[Stored items from a collection]
------------------------------------------------------------------------
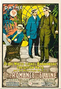 The Romance of Elaine is a 1915 American silent adventure film serial directed by George B. Seitz, Leopold Wharton and Theodore Wharton, based on the novel by Arthur B. Reeve. The film is considered to be lost.[1]
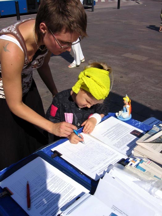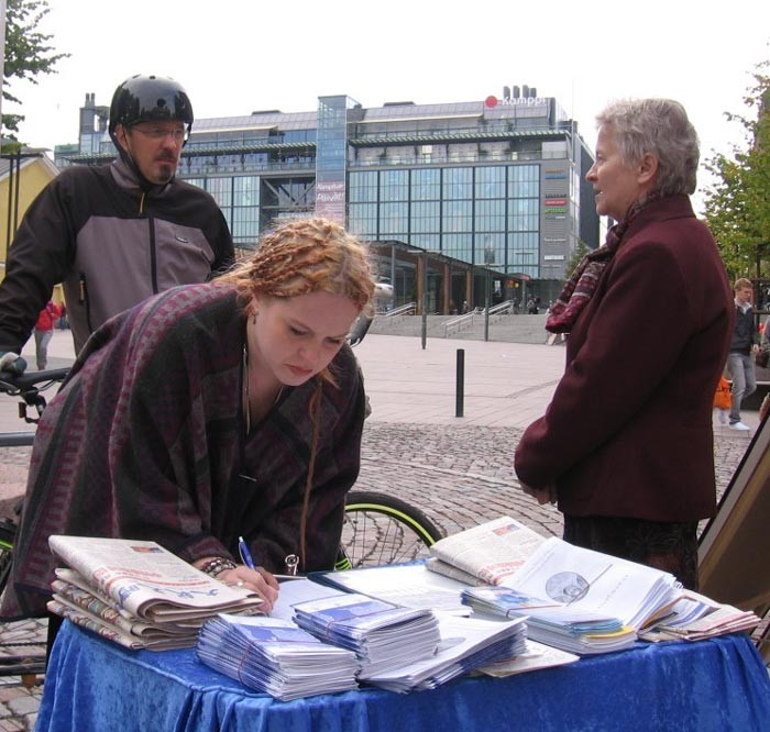 法轮功学员在芬兰赫尔辛基音乐艺术节期间举办讲真相活动图为民众签名声援法轮功2008-8-23
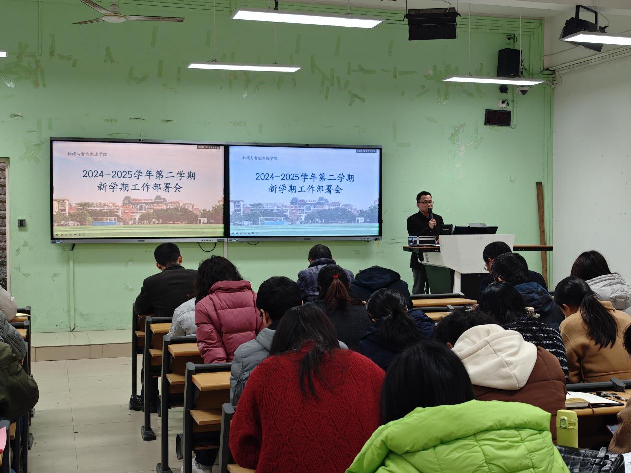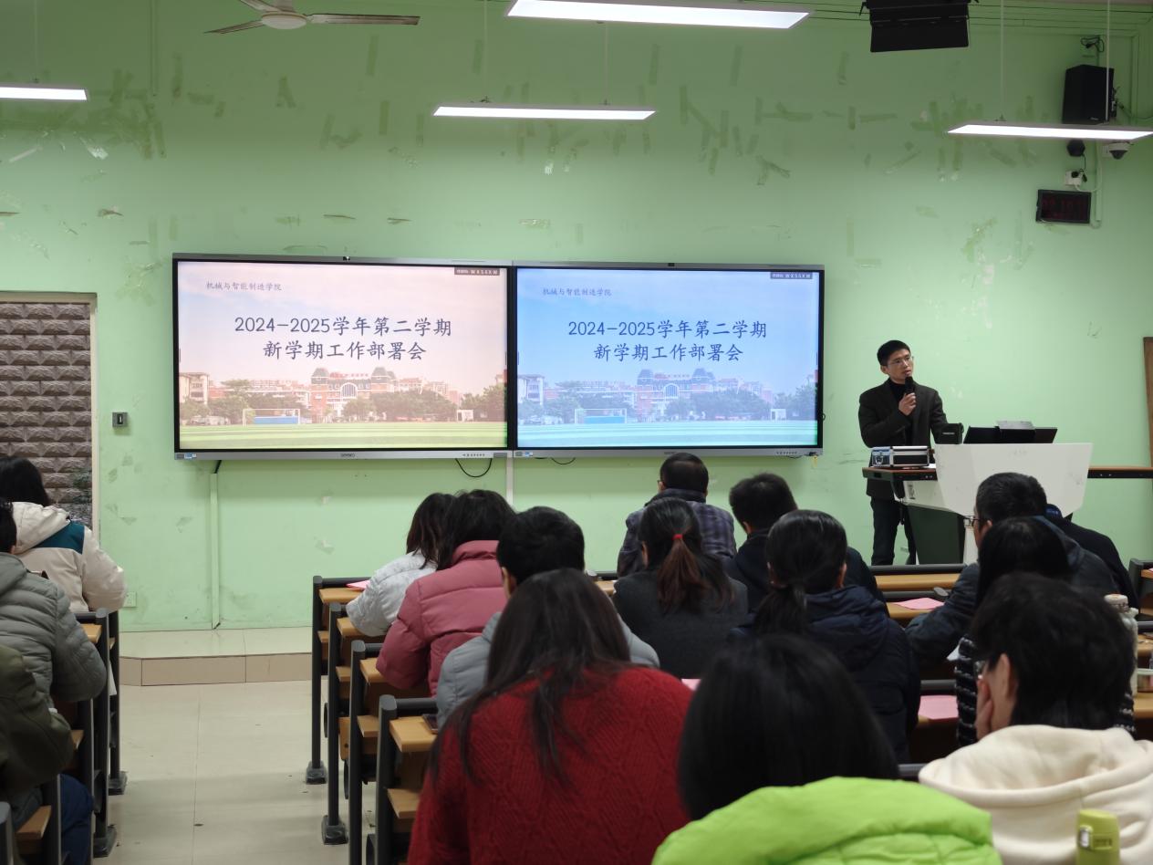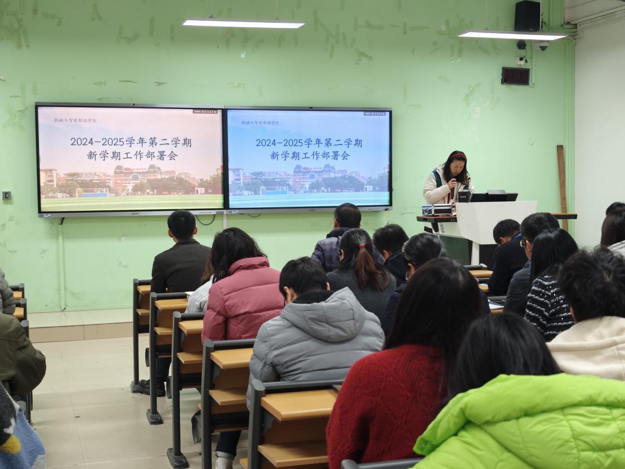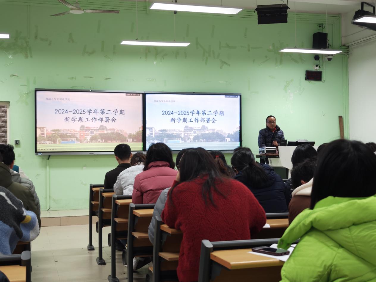 為明確新學(xué)期工作目標(biāo),統(tǒng)籌推進(jìn)各項(xiàng)工作任務(wù),219午,機(jī)械與智能制造學(xué)院2號(hào)樓1-2召開(kāi)2024-2025學(xué)年第二學(xué)期第一次全院大會(huì)暨新學(xué)期工作部署會(huì)。學(xué)院領(lǐng)導(dǎo)班子成員、全體教職工參加了會(huì)議。會(huì)議部署了2024-2025學(xué)年第二學(xué)期開(kāi)學(xué)各項(xiàng)事宜和近期工作重點(diǎn)。
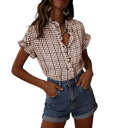 Women's Ruffled V Neck Gingham Short Sleeve Button Down Blouse
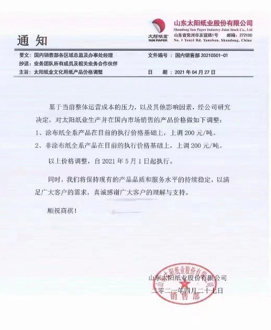 太陽紙業(yè):5月1日起,涂布紙全系產(chǎn)品在目前的執(zhí)行價格基礎(chǔ)上,上調(diào)200元/噸。非涂布紙全系產(chǎn)品在目前的執(zhí)行價格基礎(chǔ)上,上調(diào)200元/噸。
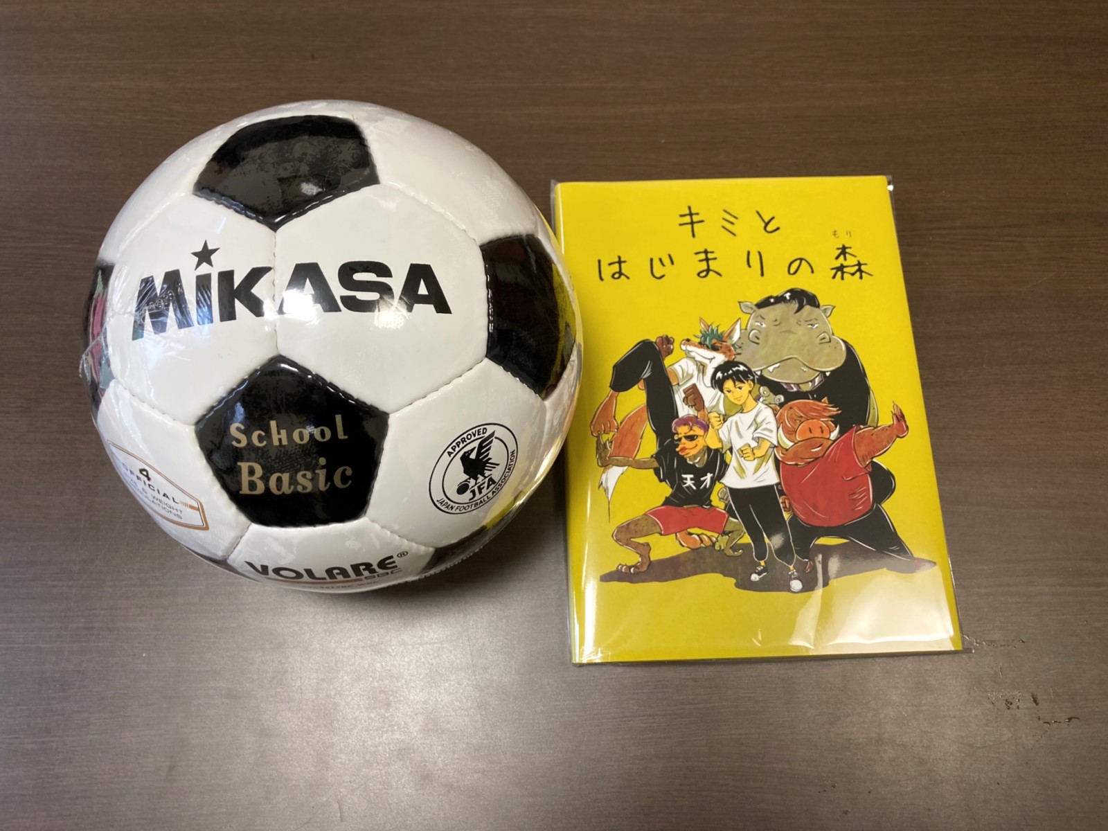 匿名の方より、絵本とサッカーボールをいただきました 2022/11/26 贈り物に感謝 ー令和4年11月26日ー 匿名の方から絵本とサッカーボールをいただきました。絵本「キミとはじまりの森」は、少年の心の移り変わっていく様子に、勇気を与えてもらえるお話でした。サッカーボールは、ワールドカップの真っ最中でもあり、みんなで使わせていただきます。ありがとうございました。
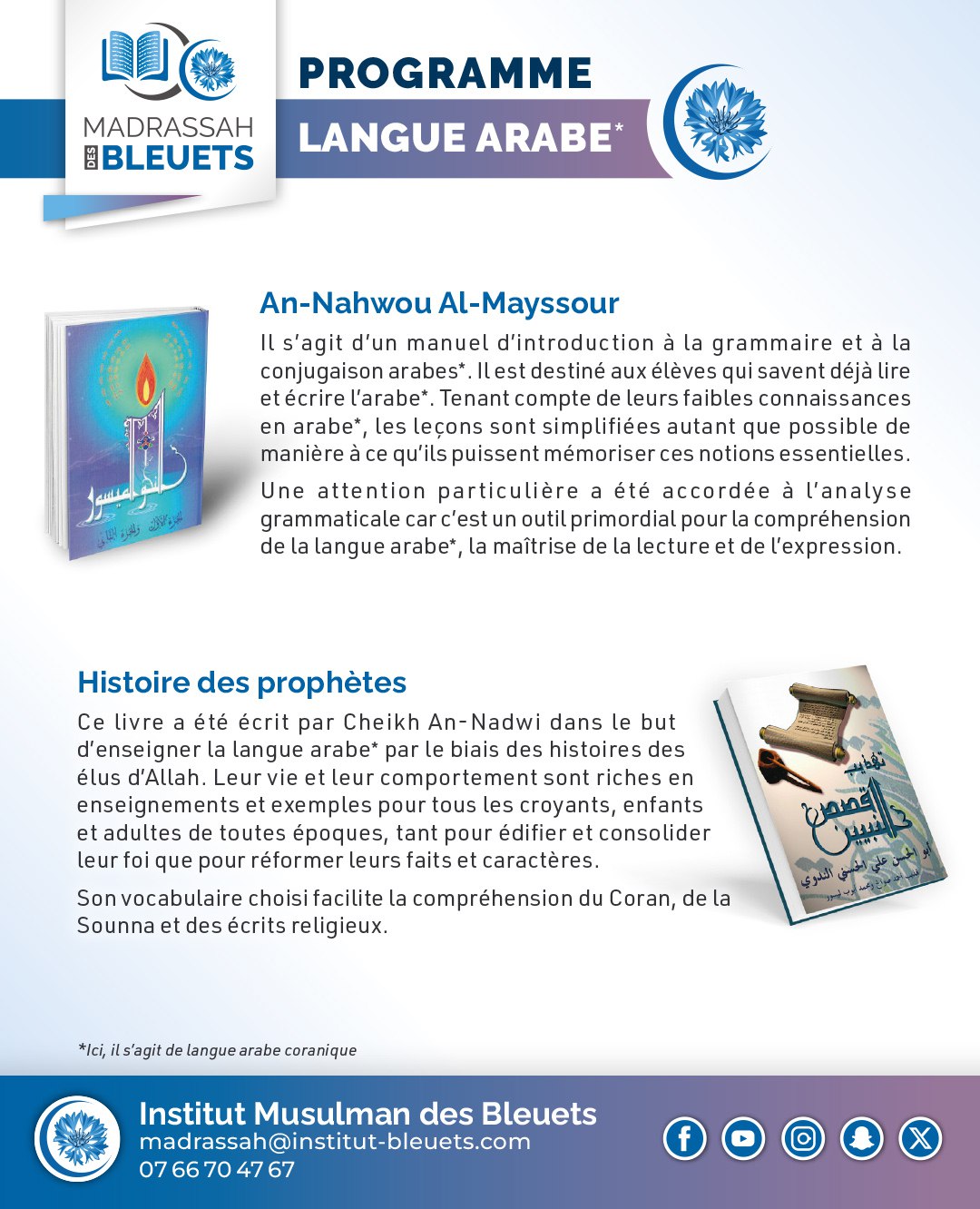 Les professeurs et le personnel responsable de l’Institut Musulman des Bleuets s’unissent main dans la main pour vous aider à acquérir ou approfondir vos apprentissages de la langue arabe coranique et du Saint Coran mais aussi à trouver une oreille attentive et une solution aux difficultés que vous rencontrez.
------------------------------------------------------------------------
Set down word for word the lines above from the one with "太陽紙業(yè):5月1日起" up to and including the one with "匿名の方より、絵本とサッカーボールをいただきました 2022/11/26 贈り物に感謝". Omit every picture.

● RESPONSE TO THIS EXERCISE
 太陽紙業(yè):5月1日起,涂布紙全系產(chǎn)品在目前的執(zhí)行價格基礎(chǔ)上,上調(diào)200元/噸。非涂布紙全系產(chǎn)品在目前的執(zhí)行價格基礎(chǔ)上,上調(diào)200元/噸。
 匿名の方より、絵本とサッカーボールをいただきました 2022/11/26 贈り物に感謝 ー令和4年11月26日ー 匿名の方から絵本とサッカーボールをいただきました。絵本「キミとはじまりの森」は、少年の心の移り変わっていく様子に、勇気を与えてもらえるお話でした。サッカーボールは、ワールドカップの真っ最中でもあり、みんなで使わせていただきます。ありがとうございました。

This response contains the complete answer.